Ce samedi matin, malgré une météo capricieuse, la rue de la République, déserte, s’est animée sous les barnums installés pour l’occasion devant le numéro 26 ... face au local de campagne du maire sortant. La présence de nombreux Arlésiens ayant bravé les gouttes témoignait de l’enthousiasme autour de la liste portée par le candidat de l’union de la gauche. "Partout où nous allons, nous recevons un bon accueil. Il y a cette envie de changement", a lancé d'emblée Nicolas Koukas.
"L’Union pour Arles, dans ses différences, est là, quoi qu’il arrive, pour Arles, pour les Arlésiens. Elle propose un projet solide qui répond à leurs besoins", a martelé le candidat, sous les applaudissements, rappelant la genèse de cette alliance inédite, née lors des dernières législatives. "Avec toutes les forces de la gauche, nous y sommes allés. On nous a porté des coups, on a résisté." Le résultat ? Une volonté citoyenne et politique de poursuivre cette union pour les municipales. Une union qui, rappelons-le, rassemble la plupart des composantes de la gauche, à l’exception de La France Insoumise.

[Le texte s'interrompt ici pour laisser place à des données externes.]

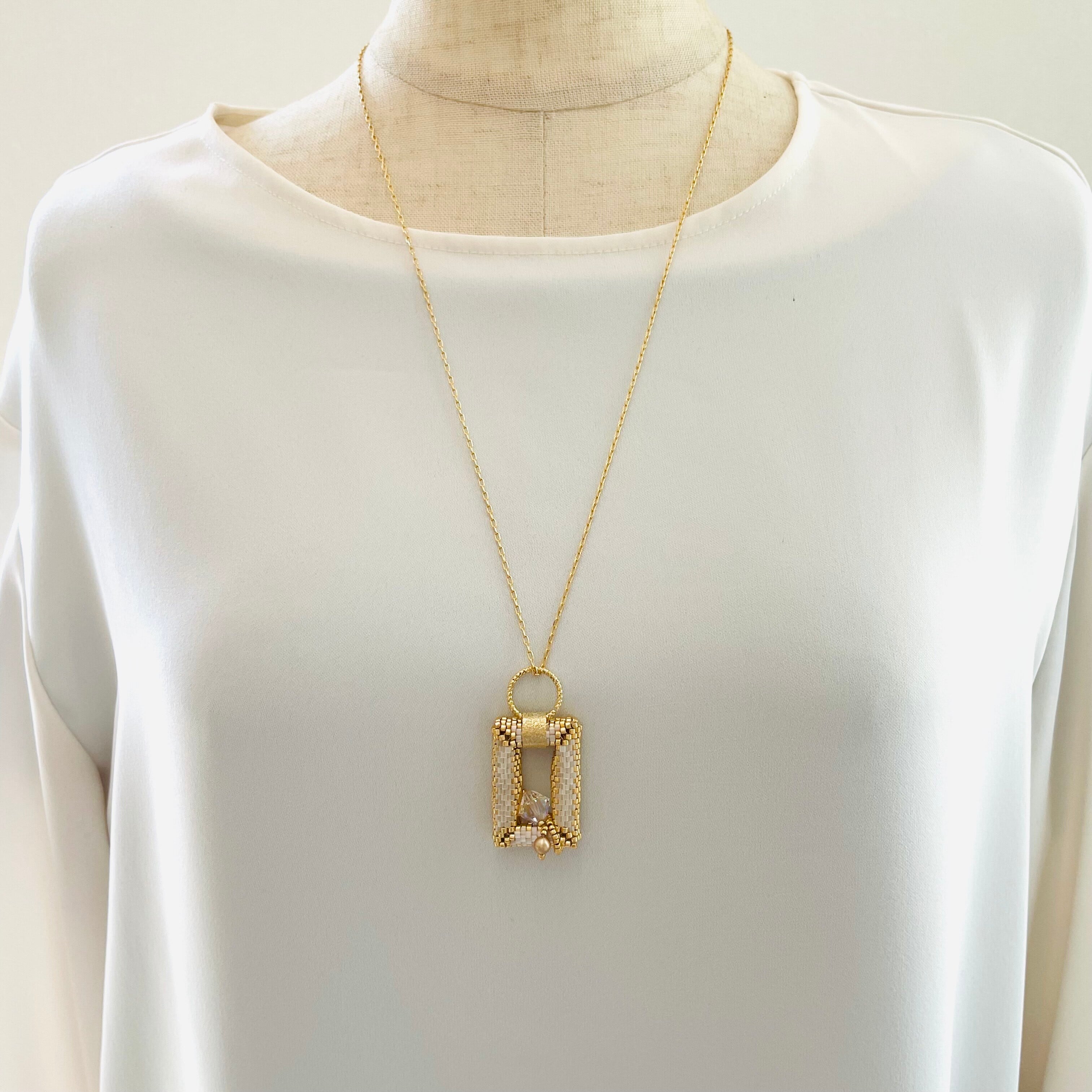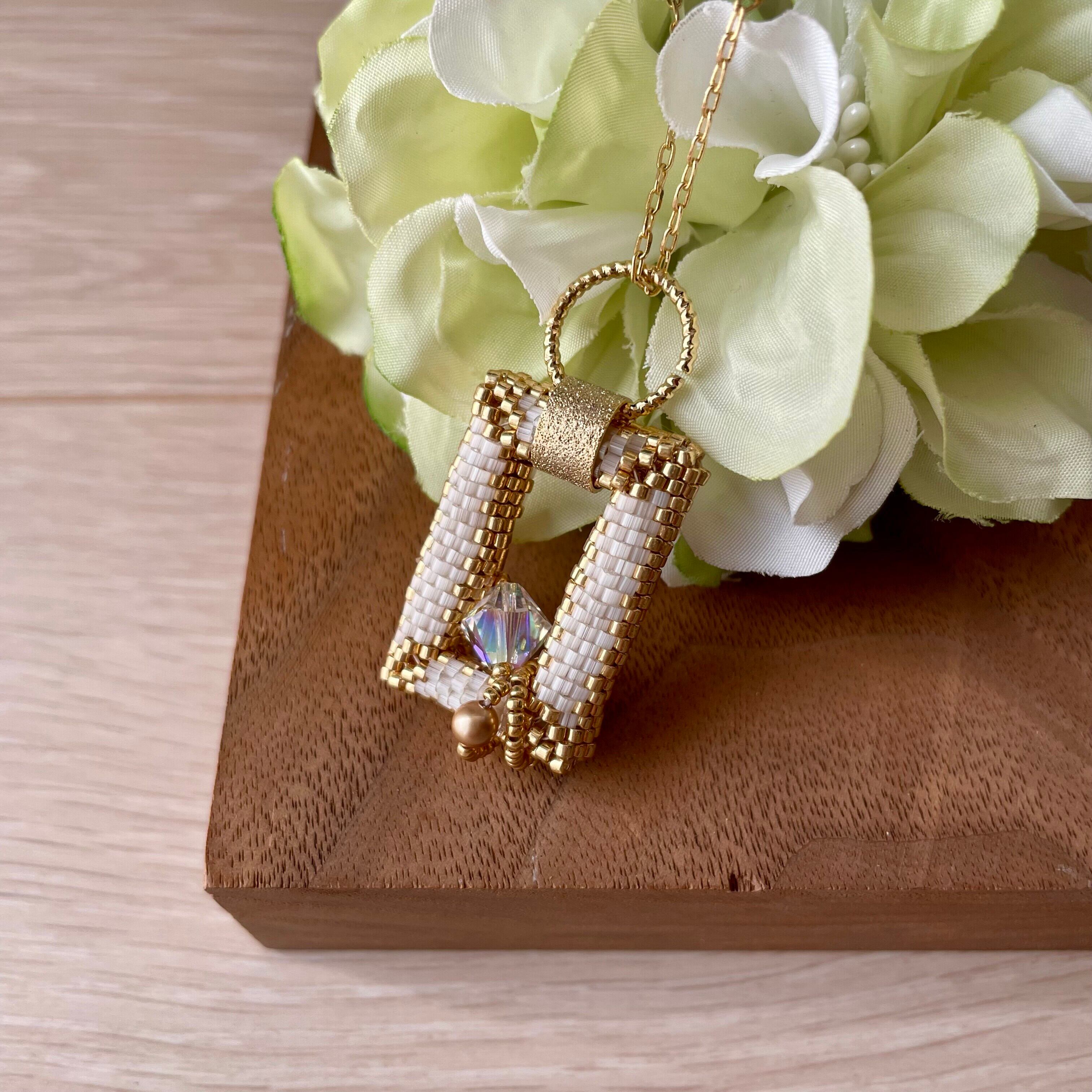 ビーズステッチで立体パーツを作ります。繊細なビーズを使用していますので必ず付属の針で制作して下さい。本体が出来上がったあとはスワロフスキービーズを飾って完成です。ジュエリー感のある仕上がりでどんなお洋服にもマッチします。
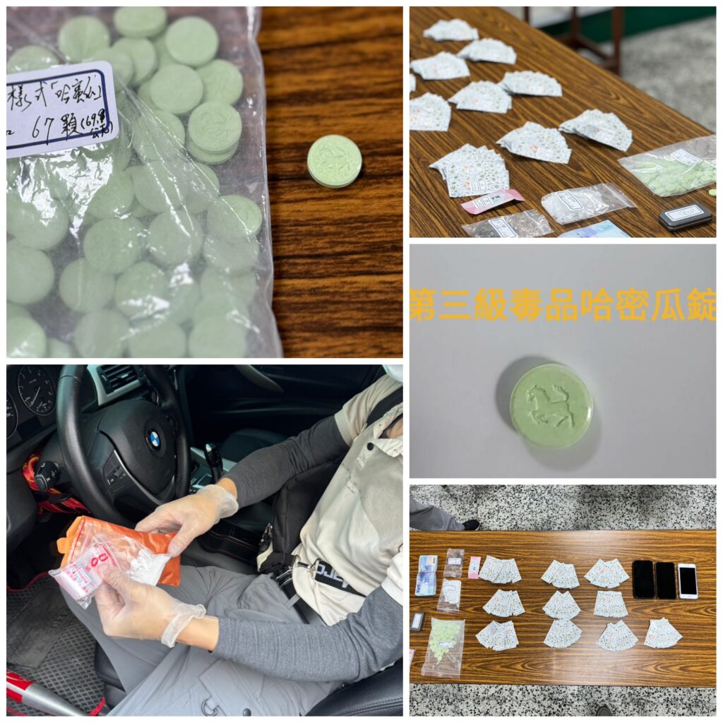 全案調查後依違反毒品危害防制條例移送臺南地檢署偵辦。 陳嫌生性多疑,販賣毒品的地點極少重複,平時也有3、4輛汽車作為替換,有時還會搭乘計程車或是利用外送平台前往交易地點,試圖製造路線斷點,導致警方蒐證困難,但在同仁鍥而不捨的努力之下,透過路口監視器、複式跟監探訪等方式,充分掌握陳嫌販毒的相關事證,報請臺南地檢署指揮偵辦,警方於4日清晨見時機成熟,統合第二及第三警分局警力,持臺南地方法院核發的搜索票、拘票,兵分6路約20餘名警力,分別前往陳嫌的住處及可能交易地點埋伏,待陳嫌駕車返回住處,準備要再度外出就被警方團團包圍,陳嫌見大勢已去也只能乖乖配合。 警方於陳嫌車上,起出第二級毒品大麻1包(毛重約3公克)、第三級毒品愷他命1包(毛重約45公克)、第三級毒品哈密瓜毒錠67顆(毛重約70公克)、毒品咖啡包98包(毛重約257公克)及毒品交易現金新臺幣5萬5千元,訊後依違反毒品危害防制條例移送臺南地檢署偵辦,已遭法院裁定羈押禁見。 少年隊表示,毒品對於少年的誘惑及戕害極深,尤其這次查獲毒品中包含第三級毒品哈密瓜錠,是一種較為少見的新興毒品,以其顏色偏哈密瓜綠而取名,本次在臺南地檢署指揮偵辦及專案小組成員努力蒐證之下,順利在安居專案期間查獲毒品藥頭,積極追溯毒品源頭、淨化生活環境,保護民眾人身安全,建立最宜居、最安全的大臺南!

Un programme construit par plus de 400 Arlésiens
Et Nicolas Koukas d’insister sur la méthode de travail. "Plus de 400 Arlésiens ont travaillé depuis des mois pour élaborer notre programme. Il ne tombe pas d’en haut, c’est un projet né du terrain." Qui s'articule autour de trois axes majeurs : "une ville plus juste, qui protège et qui prépare son avenir".
"Une ville plus juste en termes de sécurité, avec des services publics renforcés, et une attractivité médicale comme priorité. Quand je vois la réduction des places d’aide à domicile à Salin-de-Giraud... La force d’un maire, c’est aussi des services publics forts, partout sur le territoire", a ajouté, et dénoncé, Nicolas Koukas. Appelant aussi à "dérouler le tapis rouge non pas pour des personnalités venues d’ailleurs, mais bien pour des docteurs". La liste de l'union de la gauche devrait, d'ailleurs, compter au moins trois médecins.

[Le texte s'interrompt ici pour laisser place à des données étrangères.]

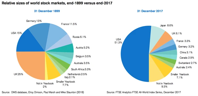 Ben Carlson ze společnosti Ritholtz Wealth Management totéž uvádí také v souvislosti s grafem, který se objevil v publikaci Credit Suisse nazvané Global Investment Returns Yearbook 2018. Na něm je zobrazena relativní velikost jednotlivých akciových trhů na konci 19. století a na konci roku 2017.
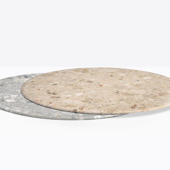Różnorodne płatki, ziarna i odłamki najcenniejszych marmurów są umiejętnie mieszane z wysokiej jakości żywicami, certyfikowanymi i przetestowanymi pod kątem bezpieczeństwa w kontakcie z żywnością, aby uzyskać najwyższej jakości , wszechstronne i zaawansowane technicznie blaty. Kompozytowe blaty marmurowe, dostępne w różnych odcieniach kolorystycznych i o różnych wielkościach cząsteczek, dodadzą każdemu wnętrzu odrobinę wyrafinowania. Dostępne w różnych wykończeniach, kształtach i rozmiarach, z płaską lub stępioną krawędzią, o grubości 12 mm. Blaty kompozytowe Pedrali sprawdzą się idealnie jako blat ogrodowy do stolików restauracyjnych w hotelach, restauracjach, kawiarniach czy barach bistro.
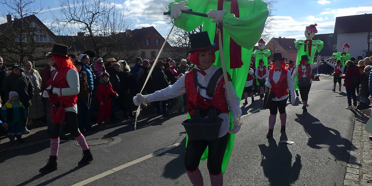 Auch in diesem Jahr waren neben den „Einheimischen“ zahlreiche Gäste aus den Nachbarorten und der nahen Rhön im Zug vertreten. Sie präsentierten sich meist in aufwendig geschmückten Partywagen. Die Fußgruppen kamen unter anderem als Marionetten und Gärtnerinnen.

Le programme de "L’Union pour Arles" promeut aussi une ville tournée vers l’avenir, économique en premier lieu. "Quelqu’un s’est installé ici en promettant d’apporter son carnet d’adresses. J’ai l’habitude de dire qu’il est venu avec le carnet, mais sans les adresses. Aucune entreprise ne s’est installée. Nous, nous avons rencontré des structures prêtes à s’implanter et à créer des emplois", a assuré le candidat. Pour redynamiser le centre-ville -- "ravagé depuis six ans" -- Nicolas Koukas propose la création d’une foncière coopérative, associant ville, commerçants et habitants, afin de racheter et gérer des locaux stratégiques à loyers modérés. Environnement, culture… la tête de liste a évoqué la suite des grandes lignes de ce programme qui sera dévoilé aux électeurs au début du mois de février.
"Nous avons deux mois pour convaincre", a-t-il lancé aux sympathisants, les appelant à devenir "des ambassadrices et des ambassadeurs" du programme. Lequel sera disponible en version courte (papier) et longue (70 pages en ligne). "En mars prochain, nous serons prêts à nous mettre au travail rapidement, pour tourner la page de ces six années et répondre aux attentes des Arlésiens." Un message clair, et une gouvernance actuelle pointée du doigt : "Il y a eu 11 démissions depuis 2020", a rappelé Nicolas Koukas, soulignant la force de l'équipe de "L'Union pour Arles" "composée d’Arlésiens et qui reflète la diversité de notre ville. Arles est populaire, elle doit le rester ! "
Le premier meeting de la liste aura lieu le 12 mars à 18h30, à la salle des fêtes. D’ici là, le local de campagne, situé au 26 rue de la République, est ouvert, dès ce lundi, tous les jours.